その1:「俺の名前は『澄野 拓海』。コイツは弟のタクヤ(48)」タクヤ「ウッス。よろしくッス」
その2:拓海「戦うことが罪だっていうなら! 俺が背負ってやる!」
その3:カルア「たっくん。その女の子たちは?」

 まだハーメルンは最終防衛学園が未開拓だから、皆もどんどん投稿して欲しいけれど100通りのエンディング見るのが大変そうな


126時間目:はい! いつもの!

 調子が出ない。と言うことで、赤松は早々に練習を切り上げて、最原達と共に地下1階へと来ていた。本を読む気分でも無かったので、AVルームへと訪れると、多数の生徒が詰めかけていた。そのメンツの中にいた王馬が喜びながら、駆け寄って来た。

 

「最原ちゃーん! 俺達、今から上映会やるんだけど、一緒に見て行かない?」

「なんの映画見るんだよ?」

 

 最原の代りに入間が答えた。すると、王馬に負けず劣らずのテンションで白銀がパッケージをブンブンと振っていた。

 

「見てよ! イルブリードだよ! あの、局所的有名作品だよ!」

「聞いたこと無いんだけど……」

 

 同行していた赤松も困り顔をしていたが、隣にいた入間はちょっと引いていた。最原も嫌そうな顔をしていた。こんなイカれた上映会に参加しているメンバーを確認するべく周囲を見渡した。

 

「最原君達も一緒に見ようよ! ゴン太。こうして、皆で一緒に何かをするなんて初めてだから、とっても楽しみなんだ! 王馬君! 誘ってくれて、ありがとう!」

 

 心の底から嬉しそうに笑うゴン太の笑顔があまりに眩しかった。最原が王馬の肩を叩いて、首を横に振っていた。そりゃ酷いよ。と。

 

「最原ちゃん。大切なのは皆でやることだよ。痛みも、傷も。皆となら思い出に変えていけるから!」

「コレ。見るのに、そんな決意が必要なモンなのか?」

 

 不穏に思った入間がパッケージを見ている傍ら、赤松は意外な人物が出席していることに驚いていた。

 

「真宮寺君もこういうのを見るんだ」

「僕はこういうのを見ないと思っていた? そんなことは無いヨ。ホラー映画の元になっている話は民俗学も多い。特に、この映画は主演女優が自ら恐怖体験の理解を深めるために現地のいわくつきの場所にまで足を運んでいるというからネ。とても興味深いヨ!」

「なぁ、コレの元ネタってゲームじゃねぇのか?」

 

 ぶっ飛んでいる入間でさえ正気に戻るレベルなのだから『-×-』がプラスになるという、計算式の存在は認めざるを得ないだろう。

 

「ゲームでも現地に取材に行くことも多いし、これはその一環だよ! 実写映画なんて、クオリティの低い俳優未満の何かがお遊戯会やっているだけだと思っていたけれど、これは全然違うからね! 最近は面白い物も増えているけれど!!!」

 

 オタク特有の熱量とマシンガントークは全員を引かせるには十分すぎる物だったし、申し訳程度に付け足した補足はさておき、ここまで推されたら気になるのも人情だった。

 

「そんなに言うなら、ちょっと見てみようかな」

「何、言ってんの!?」

 

 赤松が割とノリノリだったので、入間が悲鳴を上げていた。王馬が驚いた素振りを見せていた。

 

「アレ? 入間ちゃん。
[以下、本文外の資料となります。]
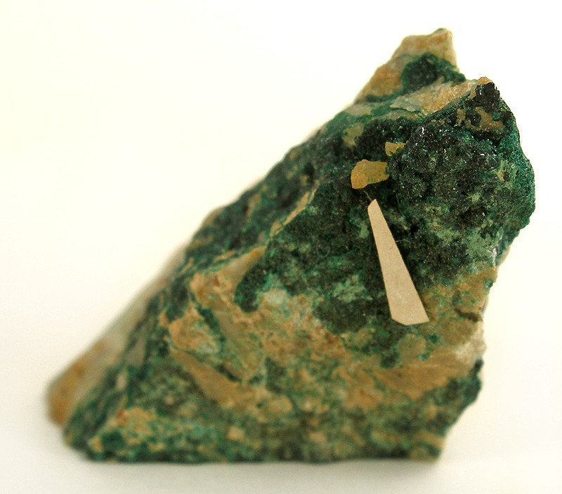 Antlerite, Marshite Locality: Chuquicamata Mine, Chuquicamata District, Calama, El Loa Province, Antofagasta Region, Chile (Locality at ) Size: thumbnail, 3 x 1.8 x 1.6 cm Marshite with Antlerite A superb, sharp, eye-visible and easily seen, 2 mm crystal of this extremely rare copper iodide species sits perched on contrasting green antlerite. This crystal is gemmy, sharp, and easy to see. It is an excellent reference specimen of this, one of the more ultimate Chuquicamata rarities. Ex. John White Collection.

こういうの好きじゃないの?」

「やめろよぅ。私はディズニーとかジブリみたいな優しい話が好きなんだよぉ。バカ松、行こうぜ」

 

 入間が摂取していたであろう優しさは、普段の言動には皆目見当たらないが、意外と芯の部分は乙女なのかもしれない。ただ、赤松は触発されたらしく。

 

「え。私は見て行くけれど。じゃあ、入間さんとは一旦ここでお別れに」

「研究所(ラボ)ねぇから、籠れないだろうがぁああ!! お前以外の誰が構ってくれるんだよ!!」

「えー……」

 

 恥も外聞も捨てた渾身の懇願だったが、それでもなお。赤松は動きそうになかった。なので、仕方なく入間も同席することになり、連帯的に最原も一緒に上映会に参加することになった。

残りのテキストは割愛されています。